Сейчас существуют сайты (например, rentafriend.com), которые помогают людям найти друга в реальном мире; их появление связано скорее с человеческим желанием общаться, чем с одиночеством как таковым. А если учесть ослабление социальных связей, старение населения и рост числа людей, живущих поодиночке, можно задаться вопросом, не прав ли Теодор Зельдин, провокационный оксфордский мыслитель, в своем предположении, что одиночество может стать самой серьезной проблемой XXI века.
Согласно недавнему опросу, 4,7 миллиона человек в Великобритании не имеют ни одного близкого друга. Опрос, проведенный Би-би-си, показал, что 33 процента британцев, 27 из которых – лица в возрасте от 18 до 24 лет, чувствуют себя «выброшенными за борт» цифровыми средствами коммуникации, в то время как 85 процентов заявляют, что предпочитают общение лицом к лицу с друзьями и семьей.
Виктор Майер-Шенбергер, автор книги «Удалить: искусство забывать в эпоху цифровых технологий» (Delete: the virtue of forgetting in the digital age), говорит, что наше растущее желание фиксировать каждый аспект своего существования связано с уменьшением количества близких отношений в реальной жизни, в частности из-за падения рождаемости и малочисленности семей. Поскольку мы больше не принимаем участия в традиционном общении между поколениями, мы начинаем опираться на цифровые файлы, чтобы сохранить воспоминания и убедиться, что и сами не забыты.
Естественно, долговечность таких файлов сомнительна. Винт Серф, один из «отцов интернета», недавно заявил: технологии развиваются настолько быстро, что данные могут попасть в «черную дыру» и в один далеко не прекрасный день стать недоступными. Он также дал совет: если мы действительно хотим что-то сохранить, лучше распечатать это на бумаге.

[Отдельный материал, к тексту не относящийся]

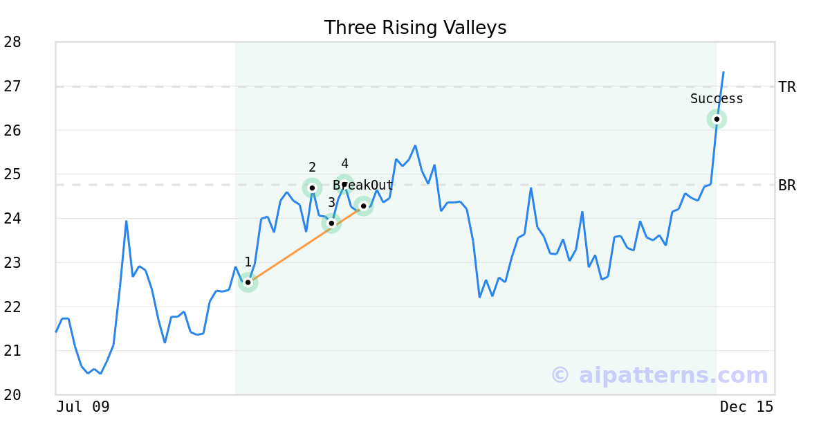 On September 16, 2025, A.I.dvisor detected a Three Rising Valleys Pattern (Bullish) for Oceaneering International (OII, $24.27). On September 16, 2025, A.I.dvisor confirmed the Bullish pattern, setting a target price of $26.98. 78 days later, on December 03, 2025, OII reached the target price resulting in a for traders who took a long position in the stock.

Наше ощущение цифровой нестабильности может быть связано с некоторыми недавними событиями, начиная с применения оружия массового поражения и банкротства компании «Энрон»[6]6
Корпорация Энрон (англ. Enron Corporation) – американская энергетическая компания, обанкротившаяся в 2001 году. Банкротство компании, произошедшее в итоге крупного скандала, получившего название «Дело Энрон», стало одним из крупнейших в мировой истории.
[Закрыть] и заканчивая глобальным финансовым кризисом и скандалом вокруг ЛИБОР[7]7
ЛИБОР представляет собой среднюю процентную ставку, которую рассчитывает Британская банковская ассоциация на основе информации, предоставленной крупными финансовыми организациями. Скандал вокруг ЛИБОР возник, когда выяснилось, что банки показывают искусственно завышенные или заниженные ставки, чтобы повысить прибыль со сделок или создать впечатление, что они более кредитоспособные, чем являются на самом деле.
[Закрыть]. Благодаря таким инцидентам мы теряем веру в способность наших лидеров и институтов говорить правду и указывать верные нравственные ориентиры. Несколько лет назад американские социологи предположили, что трагедия 11 сентября может сплотить общество, но есть основания считать, что произошло как раз обратное.
По данным опроса, 37 тысяч американцев в период с 1972 по 2012 год потеряли доверие к другим людям, в том числе к правительству и СМИ (в 2012 году оно упало до небывало низкого уровня). В докладе исследовательского центра Пью сообщается, что только 19 процентов опрошенных, принадлежащих к поколению Миллениума, доверяет другим людям, по сравнению с 31 процентом поколения Х и 40 процентами беби-бумеров. Подобное падение показателей означает, что мы уже не знаем, кому или чему верить, и в конечном счете уходим в себя или сосредоточиваем внимание на сугубо домашних вопросах.
В целом получилось, что мы, жаждая обрести элементы стабильности, определенности, справедливости, живем в распыленном обществе, где по-прежнему на первом месте стоит отдельная личность, в большей или меньшей степени предоставленная самой себе.
Другой пример ухудшения общения в реальной жизни – покупки. Сегодня многие стараются избегать зрительного контакта с продавцами, потому что это предполагает определенный уровень общения. Люди предпочитают делать покупки в интернете, использовать автоматическое сканирование и ждать, пока кассиры и кассовые аппараты наконец-то исчезнут, а им на смену придут специальные датчики на товарах, способные автоматически списывать деньги с вашего «кошелька» при выходе из магазина.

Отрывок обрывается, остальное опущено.